He says he's lucky that someone gave him a second chance, but he says many people with criminal records pay for life.
"You can't build a family. You can't buy a home. You can't get a car. You can't do anything. The temptations are extreme to think this is a hopeless situation."
Research shows the inability to find a job is the single biggest factor in determining whether someone will re-offend. It's why Rep.'s Leslie Herod (D-Denver) and Jovan Melton (D-Aurora) introduced a bill to ban questions about criminal history on job applications.
"When we have people that aren't able to at least meet those basic needs," said Melton, "they end up turning back to a life of crime and we don't want to see that happen."
The lawmakers say 1.5 million people in Colorado have criminal records.
"They are walking around with a scarlet letter for the rest of their lives regardless of what they've done to make amends, and that's not the way we need to go as a society," said Herod.

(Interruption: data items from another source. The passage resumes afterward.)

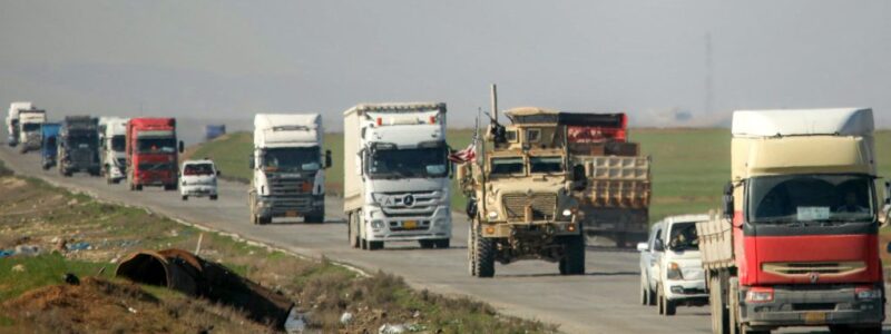 Δημοσιογράφοι του Γαλλικού Πρακτορείου είδαν μια φάλαγγα αποτελούμενη από δεκάδες φορτηγά, φορτωμένα με τεθωρακισμένα και προκατασκευασμένα κτίσματα, να κατευθύνεται προς τα σύνορα με το Ιράκ.
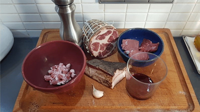 Ensuite, la farce. A Bergame, on utilise tout d’abord un ingrédient appelé « pasta di salame« , composé de poitrine fumée, de bas joue, de coppa et d’épaule (le tout de porc), plus de l’ail, du poivre et du vin rouge. A Paris ce produit est introuvable même en temps normal, alors j’en ai fait moi-même, avec les moyens du bord.
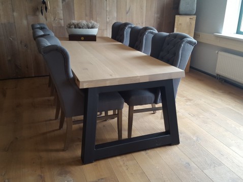 Stoere industriële eettafel op Maat. Industriële tafel met Rustiek Eiken tafelblad en metalen Trapeze poot. Bezoek Showroom HoekbankXXL in Buurmalsen.
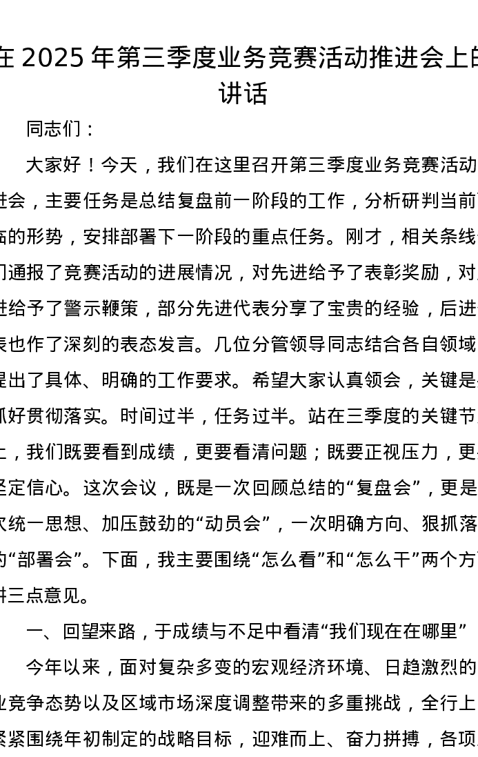 在2025年第三季度业务竞赛活动推进会上的讲话

The bill still allows employers to run background checks and ask about criminal history in interviews, but it gives those like Dybing a foot in the door.
"There is no forgiveness in our nation right now and this is one small step towards forgiveness, towards knowing that people can change their lives."
Criminal history questions are already banned on state government applications and 12 other states have passed similar laws. While the bill has failed twice before at the State Capitol, this year it has support from lawmakers on both sides of the aisle and no opposition from business groups.
It is a first step by lawmakers to help people with criminal records rebuild their lives. There will also be a bill this session to remove criminal history questions on college applications.
The bill passed its first hurdle in the House Judiciary Committee, 8-3, Tuesday night.